* Aim of the task *
Look below for the line with "This mesmerizing design" and the line with "HIKERGARDEN 10 Person"; repeat exactly those two lines and all lines between them, but no pictures.

* Study material *
*** Block opens ***

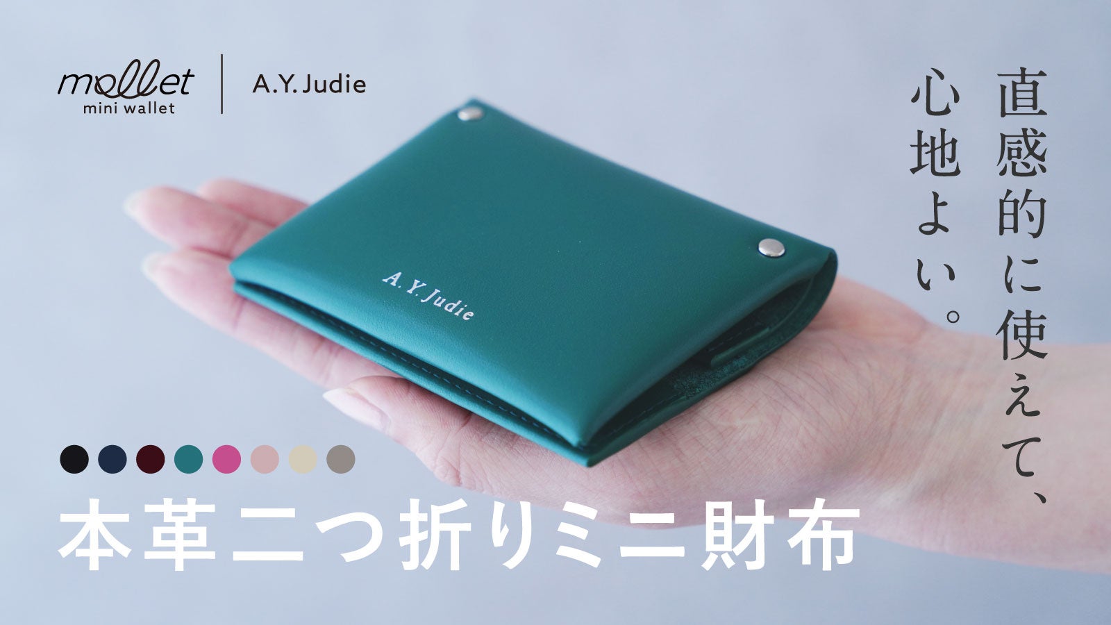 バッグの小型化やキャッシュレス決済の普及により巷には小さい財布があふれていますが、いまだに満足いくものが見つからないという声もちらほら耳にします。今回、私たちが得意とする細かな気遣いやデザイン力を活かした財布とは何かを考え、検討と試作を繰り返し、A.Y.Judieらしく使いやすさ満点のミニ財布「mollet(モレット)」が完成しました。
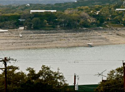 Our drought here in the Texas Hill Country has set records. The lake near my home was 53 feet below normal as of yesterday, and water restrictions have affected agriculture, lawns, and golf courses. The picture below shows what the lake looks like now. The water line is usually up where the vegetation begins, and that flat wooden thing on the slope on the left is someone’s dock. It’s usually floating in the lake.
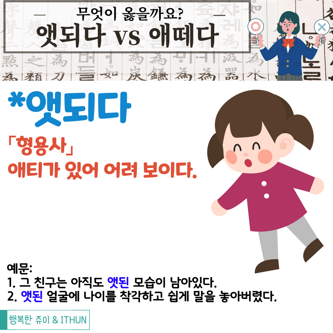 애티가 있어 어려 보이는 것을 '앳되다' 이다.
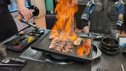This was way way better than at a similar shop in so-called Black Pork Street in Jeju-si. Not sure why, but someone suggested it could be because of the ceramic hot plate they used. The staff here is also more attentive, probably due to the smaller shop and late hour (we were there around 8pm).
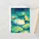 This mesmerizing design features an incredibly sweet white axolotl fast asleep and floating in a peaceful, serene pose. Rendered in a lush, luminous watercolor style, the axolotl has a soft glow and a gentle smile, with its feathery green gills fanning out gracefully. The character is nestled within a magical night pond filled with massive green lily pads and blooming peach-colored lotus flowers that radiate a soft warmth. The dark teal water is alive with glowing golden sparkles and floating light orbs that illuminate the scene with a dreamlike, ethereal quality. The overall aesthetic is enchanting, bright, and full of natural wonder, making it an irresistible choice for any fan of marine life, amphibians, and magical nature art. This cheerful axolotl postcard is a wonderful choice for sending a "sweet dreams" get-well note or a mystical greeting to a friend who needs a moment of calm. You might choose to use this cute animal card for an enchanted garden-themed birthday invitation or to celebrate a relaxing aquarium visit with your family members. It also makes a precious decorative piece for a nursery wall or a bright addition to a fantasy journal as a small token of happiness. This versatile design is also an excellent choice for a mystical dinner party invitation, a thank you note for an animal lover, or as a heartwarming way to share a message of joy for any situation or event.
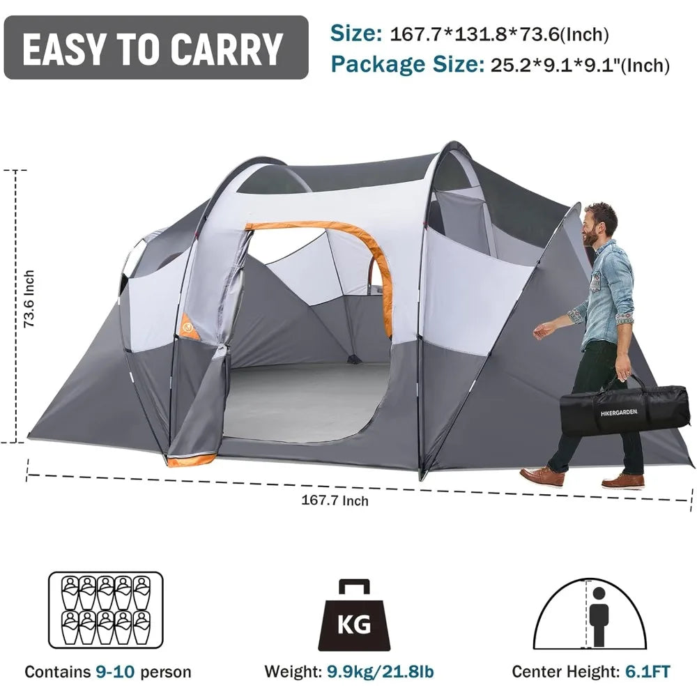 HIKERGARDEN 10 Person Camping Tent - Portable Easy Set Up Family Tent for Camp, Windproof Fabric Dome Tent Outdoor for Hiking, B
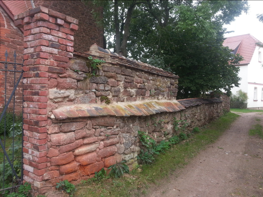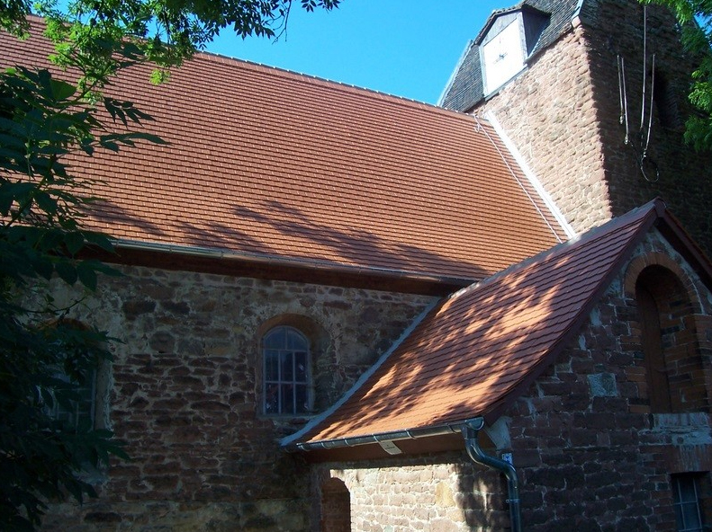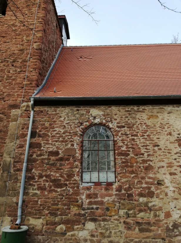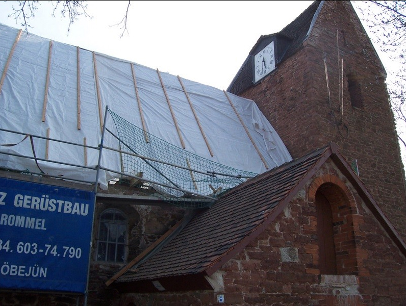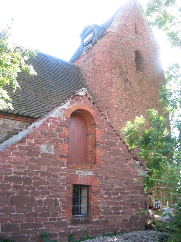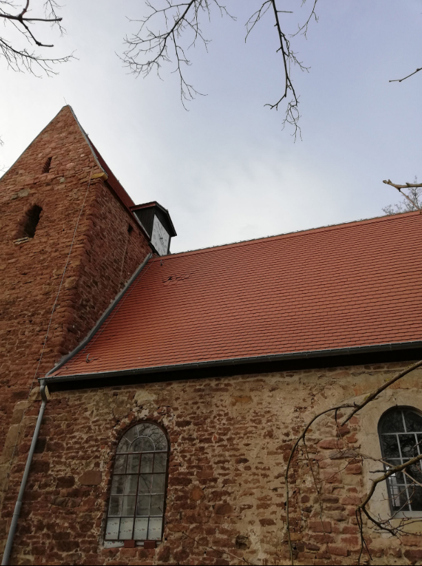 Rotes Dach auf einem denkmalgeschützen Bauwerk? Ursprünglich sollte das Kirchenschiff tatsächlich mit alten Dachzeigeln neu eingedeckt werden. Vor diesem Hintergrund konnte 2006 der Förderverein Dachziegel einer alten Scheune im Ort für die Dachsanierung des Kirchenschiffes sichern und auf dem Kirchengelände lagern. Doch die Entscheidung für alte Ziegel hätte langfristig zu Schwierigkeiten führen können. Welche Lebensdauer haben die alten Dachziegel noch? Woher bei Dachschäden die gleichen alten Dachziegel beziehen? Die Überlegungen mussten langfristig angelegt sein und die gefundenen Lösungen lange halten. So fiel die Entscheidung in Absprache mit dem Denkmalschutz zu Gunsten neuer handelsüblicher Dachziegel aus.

*** Block closes ***
*** Block opens ***

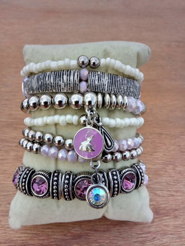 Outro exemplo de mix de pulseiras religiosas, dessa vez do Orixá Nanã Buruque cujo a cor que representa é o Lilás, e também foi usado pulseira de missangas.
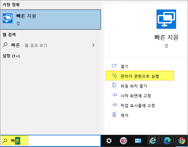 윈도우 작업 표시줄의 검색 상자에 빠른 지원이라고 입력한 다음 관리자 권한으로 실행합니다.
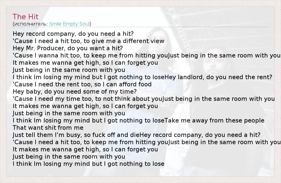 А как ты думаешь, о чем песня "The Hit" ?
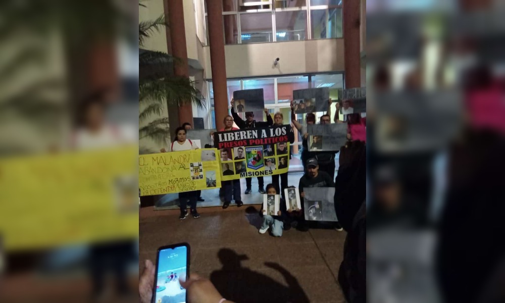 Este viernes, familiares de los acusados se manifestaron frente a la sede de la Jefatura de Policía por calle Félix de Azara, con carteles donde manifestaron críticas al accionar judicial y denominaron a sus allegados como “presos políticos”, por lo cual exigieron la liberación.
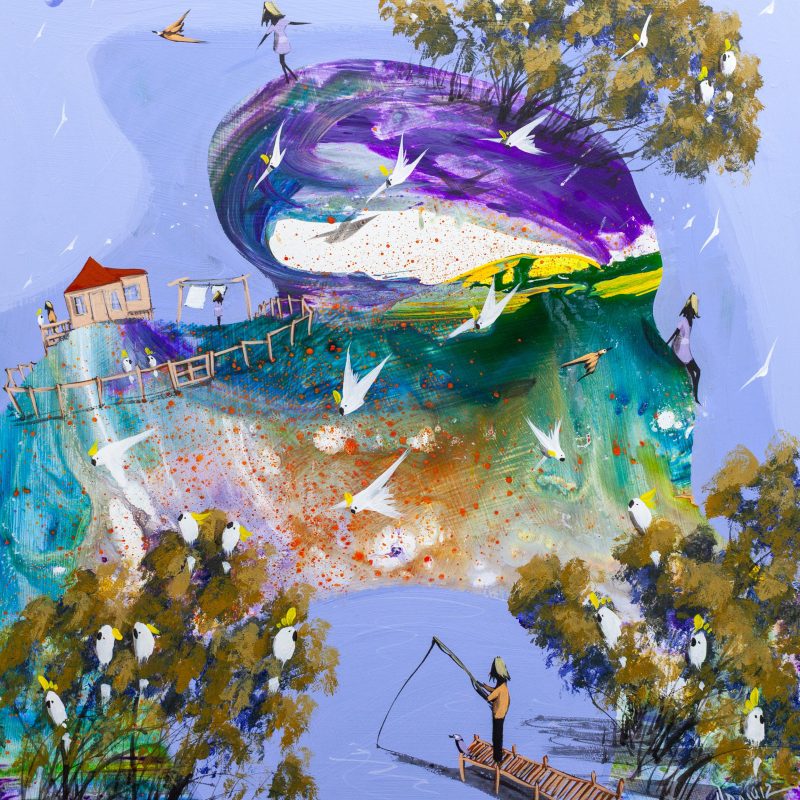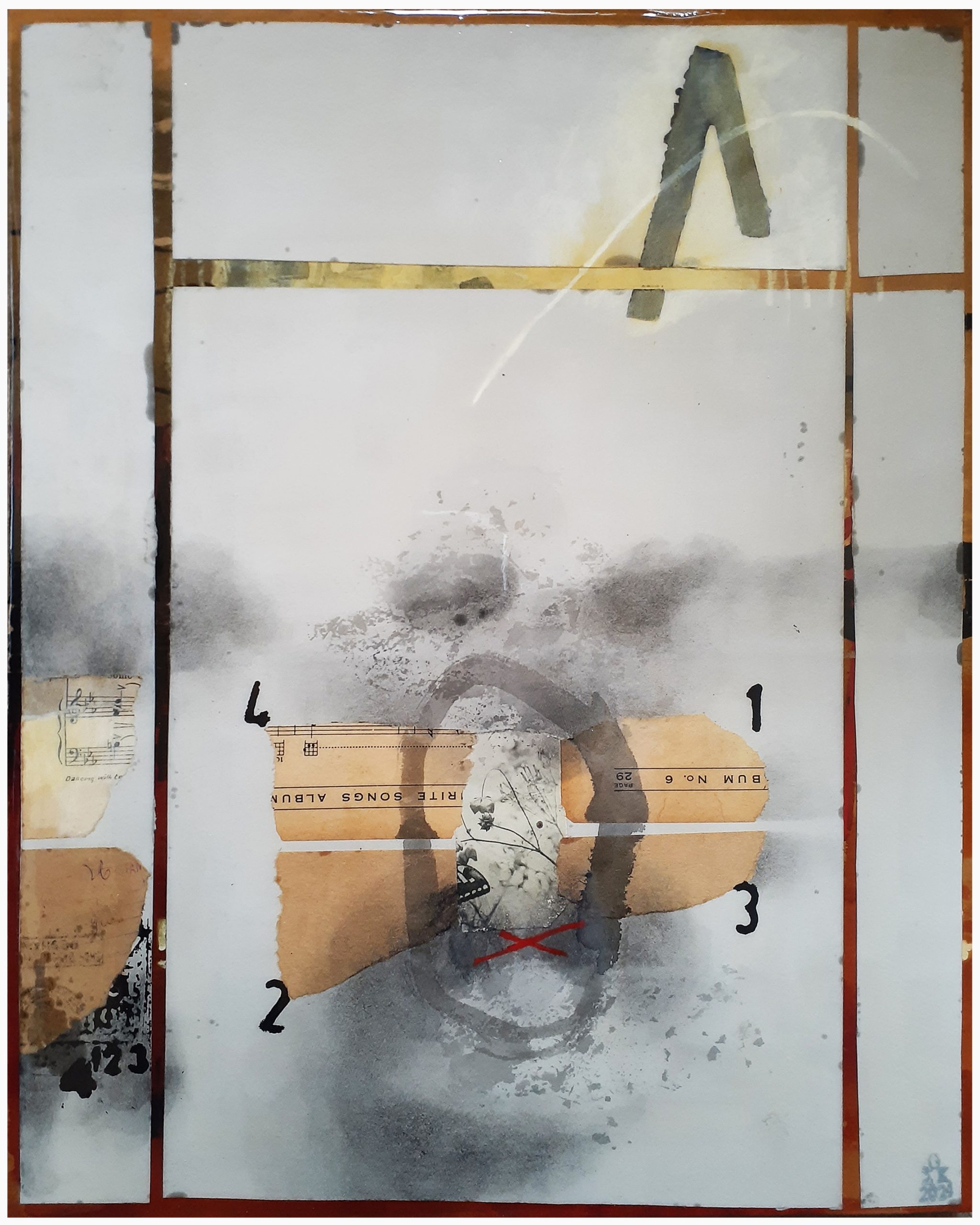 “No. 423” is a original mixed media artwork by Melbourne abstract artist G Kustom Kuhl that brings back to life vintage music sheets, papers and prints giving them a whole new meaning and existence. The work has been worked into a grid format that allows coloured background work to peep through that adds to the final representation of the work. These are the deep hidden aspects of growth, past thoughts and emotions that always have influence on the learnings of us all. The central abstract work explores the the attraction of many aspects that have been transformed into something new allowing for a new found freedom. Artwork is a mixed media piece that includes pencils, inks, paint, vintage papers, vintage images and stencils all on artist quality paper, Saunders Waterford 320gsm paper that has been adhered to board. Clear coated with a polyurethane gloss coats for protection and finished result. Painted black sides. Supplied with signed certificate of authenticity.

*** Block closes ***
*** Block opens ***

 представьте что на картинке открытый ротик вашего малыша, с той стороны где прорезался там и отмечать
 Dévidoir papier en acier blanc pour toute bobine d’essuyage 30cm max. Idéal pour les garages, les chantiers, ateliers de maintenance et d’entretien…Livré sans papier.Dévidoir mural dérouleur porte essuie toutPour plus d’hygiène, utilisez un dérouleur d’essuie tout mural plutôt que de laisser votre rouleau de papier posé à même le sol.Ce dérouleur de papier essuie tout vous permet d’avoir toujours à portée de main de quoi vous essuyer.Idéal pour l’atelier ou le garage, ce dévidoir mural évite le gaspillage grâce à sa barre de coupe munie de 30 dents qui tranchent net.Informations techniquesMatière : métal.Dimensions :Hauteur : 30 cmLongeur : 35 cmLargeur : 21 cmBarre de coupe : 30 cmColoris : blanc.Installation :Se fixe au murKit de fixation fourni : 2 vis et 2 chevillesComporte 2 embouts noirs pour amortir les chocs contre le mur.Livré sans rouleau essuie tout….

*** Block closes ***

* Response to the exercise *
 This mesmerizing design features an incredibly sweet white axolotl fast asleep and floating in a peaceful, serene pose. Rendered in a lush, luminous watercolor style, the axolotl has a soft glow and a gentle smile, with its feathery green gills fanning out gracefully. The character is nestled within a magical night pond filled with massive green lily pads and blooming peach-colored lotus flowers that radiate a soft warmth. The dark teal water is alive with glowing golden sparkles and floating light orbs that illuminate the scene with a dreamlike, ethereal quality. The overall aesthetic is enchanting, bright, and full of natural wonder, making it an irresistible choice for any fan of marine life, amphibians, and magical nature art. This cheerful axolotl postcard is a wonderful choice for sending a "sweet dreams" get-well note or a mystical greeting to a friend who needs a moment of calm. You might choose to use this cute animal card for an enchanted garden-themed birthday invitation or to celebrate a relaxing aquarium visit with your family members. It also makes a precious decorative piece for a nursery wall or a bright addition to a fantasy journal as a small token of happiness. This versatile design is also an excellent choice for a mystical dinner party invitation, a thank you note for an animal lover, or as a heartwarming way to share a message of joy for any situation or event.
 HIKERGARDEN 10 Person Camping Tent - Portable Easy Set Up Family Tent for Camp, Windproof Fabric Dome Tent Outdoor for Hiking, B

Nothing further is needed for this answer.